I remember a few years back when the Republican National Convention hosted General H. Norman Schwartzkopf as a key speaker. Here was a man who had spent a good bit of his youth in Iran prior to the revolution there, served a lifetime in every conflict since Vietnam, had studied at the War College (among other places), had advised and commanded in various theaters at levels where economics, long-term national strategy and political and military maneuvers merge, and was generally qualified to have a strong opinion on a great many things — whether I agree with everything he thinks or not, his opinions were valid to listen to and ponder. That same year, the Democratic National Convention hosted Tommy Lee Jones as a key speaker. Here was a man who had spent a a professional career pretending to be a general, a U.S. Marshall or some other authority figure in such magnificently shallow movies as Under Siege.

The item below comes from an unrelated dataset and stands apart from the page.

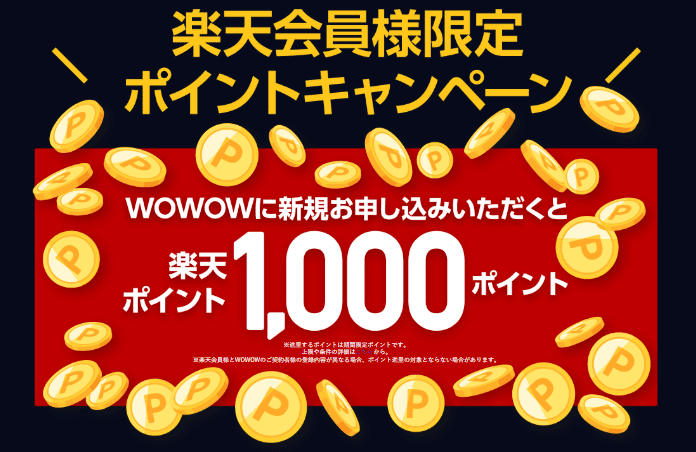 楽天では「楽天会員となりWOWOWに新規加入」することで、もれなく「楽天ポイント1,000ポイント」がもらえるキャンペーンを実施中です。

I’m not making a broad statement against the Democratic Party, but it is worthy to note from whither their publicity support base is derived (this is different from “public support base”) and where the Republican publicity support base is generally derived from.

Anyway, back to the matter at hand, Springsteen “endorsed” Barak Obama today, but that is a pretty meaningless gesture. If I were to “endorse” a candidate today, it wouldn’t make a bit of difference because I have absolutely zero control over the functions of any political party, nor do I have a large public voice (rather a small public squeak). So why is this newsworthy? Because Bruce Springsteen is a household name and the people who are flashing his name across headlines everywhere are clearly in support of Barak Obama themselves. It is absolutely not newsworthy that a singer supports one candidate or another, any more than the guy living two streets down does. Who cares? The editors sure do. You didn’t see any big news come out about who is (meaninglessly) “endorsing” McCain, even when the Republican nomination was up for grabs.  The press is just did not really have their heart in it.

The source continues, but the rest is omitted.